> **Assignment**: Below are entries with pictures among them; reproduce exactly, and only, the lines from the one containing "Onyx Long Tweed" down to the one containing "据兰格钢铁对样本企业调研无缝", without the pictures.

> **Supplied records**:
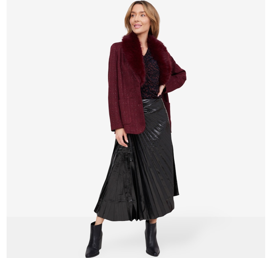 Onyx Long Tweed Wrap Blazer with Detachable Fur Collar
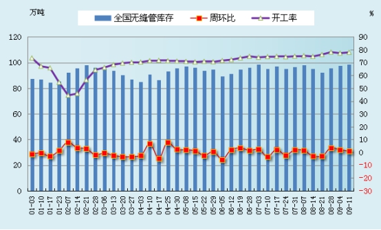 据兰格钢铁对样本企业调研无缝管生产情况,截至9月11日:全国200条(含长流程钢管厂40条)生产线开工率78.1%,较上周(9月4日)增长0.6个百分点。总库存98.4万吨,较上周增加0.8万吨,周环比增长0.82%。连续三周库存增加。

* * *

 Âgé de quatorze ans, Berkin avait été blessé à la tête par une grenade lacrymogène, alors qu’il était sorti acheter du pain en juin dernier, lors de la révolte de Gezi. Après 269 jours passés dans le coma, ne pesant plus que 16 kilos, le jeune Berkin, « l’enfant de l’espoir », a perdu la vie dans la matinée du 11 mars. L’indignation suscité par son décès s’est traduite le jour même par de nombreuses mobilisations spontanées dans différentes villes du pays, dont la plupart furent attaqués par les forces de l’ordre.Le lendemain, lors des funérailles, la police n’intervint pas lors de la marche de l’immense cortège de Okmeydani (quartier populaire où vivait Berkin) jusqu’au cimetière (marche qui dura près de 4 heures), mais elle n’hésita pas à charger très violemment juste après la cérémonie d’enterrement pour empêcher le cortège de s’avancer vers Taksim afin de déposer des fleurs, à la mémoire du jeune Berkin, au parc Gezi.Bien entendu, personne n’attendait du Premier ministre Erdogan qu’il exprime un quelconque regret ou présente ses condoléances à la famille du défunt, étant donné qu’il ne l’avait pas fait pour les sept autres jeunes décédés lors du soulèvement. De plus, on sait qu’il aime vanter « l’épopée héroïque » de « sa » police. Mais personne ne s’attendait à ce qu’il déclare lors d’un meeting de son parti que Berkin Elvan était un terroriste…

> **Solution below**:
 Onyx Long Tweed Wrap Blazer with Detachable Fur Collar
 据兰格钢铁对样本企业调研无缝管生产情况,截至9月11日:全国200条(含长流程钢管厂40条)生产线开工率78.1%,较上周(9月4日)增长0.6个百分点。总库存98.4万吨,较上周增加0.8万吨,周环比增长0.82%。连续三周库存增加。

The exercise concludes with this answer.